In this line of intent, 7 site-specific installations that address 7 themes were conceived to encourage public participation and interaction in a sensitive and meaningful manner. But of course in the context of such "green"-focused event, it would be irresponsible to design and build blindly. Therefore, clever sustainable construction methods and materials were proposed by our collaborators RaichdelRio Estudi d'Arquitectura. Also, we tried to instill as much as possible, gestures such as using used water bottles to build one of the sphere, or using state-of-the-art LED lightbulbs used to light a sphere would be distributed to the citizens of Rio after de-installation, as a way to really put things into real action and to minimize or re-cycle materials used for fabrication.

photo via Mona Kim

The inspiration and the spirit behind each installation came out of 2 images which really drove it home for me. An image of a woman with a water barrel captures poignantly the simple fact that most of the world has to traverse kilometers by foot just to access drinking water. An image of the man in rural Rwanda generating light through pedal-power reminded me of things we take for granted in our daily life, such as…light to cook with, light to study in, light for playing, etc. We just switch on the light and pay our bills but it's not that easy for the majority of the world.

photo via Mona Kim

MBF: This is a major event for Rio. How is this affecting the city? 

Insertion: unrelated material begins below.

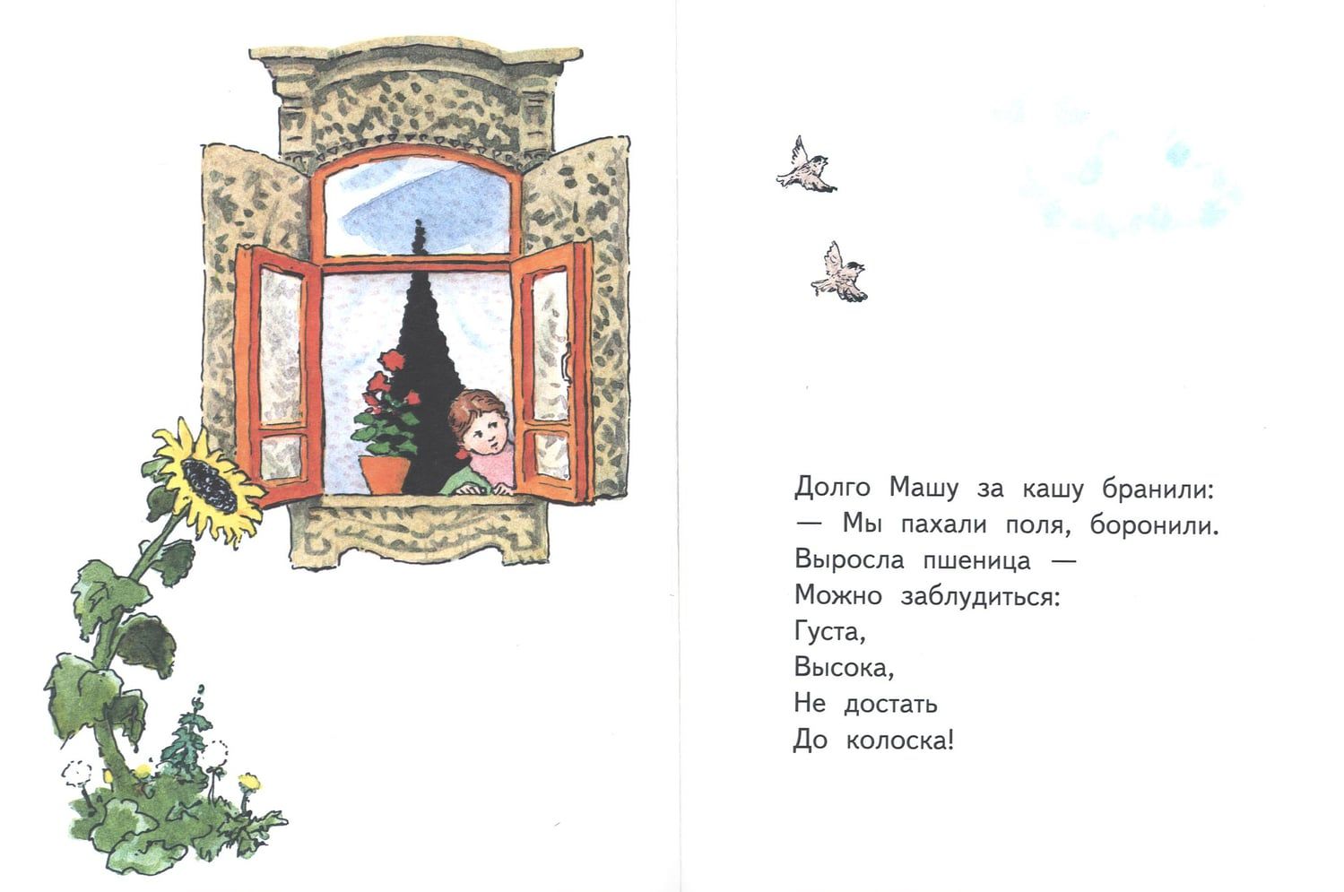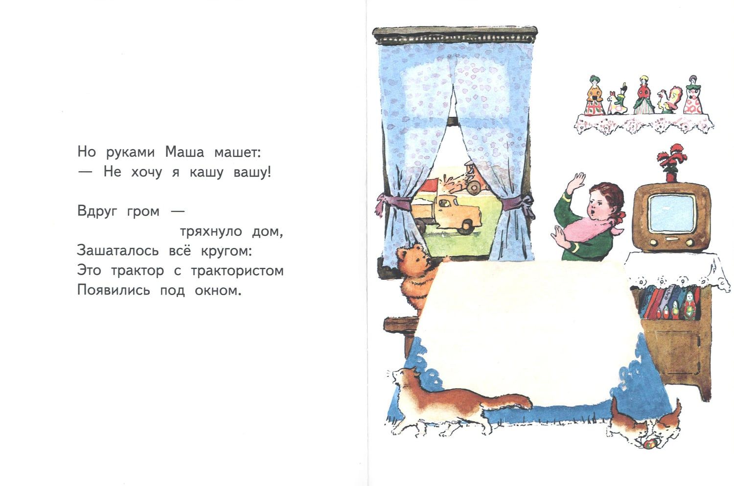 Дымится на столе каша — вкусная, сладкая, с душистым молоком! Вот только не хочет Маша её есть, капризничает! Обиделись на девочку речка, печка и Бурёнка, сердиты тракторист, комбайнёр и шофёр! Как же тут поступить?

MK: Well, I'm not there right now so I can't precise what is happening on the ground level, but what I do know is that everyone and the whole city is running around madly to mount everything on time. UN conference in 2012, World Cup in 2014 World Cup, Olympics in 2016… the city is going through major revitalization to usher in these international bi-annual events. These events will position Rio and Brazil at the forefront of global presence.

photo via Mona Kim

MBF: So what will life be like in the "future"?

MK: To name a few, it is projected, that in 2062,
 --The average temperature of the planet may be 2 ° C warmer than today.
--Sea level may rise half a meter.
--We will be around 10 billion people, majority of the population living in poor countries.
 --The elderly will be more numerous than children.
--40% of living species now existing on the planet may be at risk of extinction.
--The biological engineering will be able to create living organisms that nature would take millions of years to develop.
--70% of the population will be living in megalopolis formed by several cities, some with more than 50 million inhabitants.
--Perhaps most professions today no longer exists.
--The human brain will be able to directly control mechanisms built into the artificial body.
--A person can go to another planet, but the first travelers may not have time to return.
--Renewable energy and new patterns of consumption may decrease the risk of environmental and social disasters.
Content compiled by curatorial team of Museu do Amanhã for Fundação Roberto Marinho.*

These are the projections. However, any part of these projections can take a different turn, for better or for worse, depending on our actions of NOW.

photo via Mona Kim

MBF: How do you think we can better deal with our global problem of water?

MK: Education at an early age, change of habit on an individual level, bigger pressure on corporations and international businesses, a big push on social media through clever communication strategies, and a change in perspective on what is "clean" or "hygienic" especially in the American society.

photo via Mona Kim

MBF: What do you think needs to start changing in today's world to ensure a better future?

MK: Consume less, produce less, reproduce less. Simplify. Pare-down. Slow down.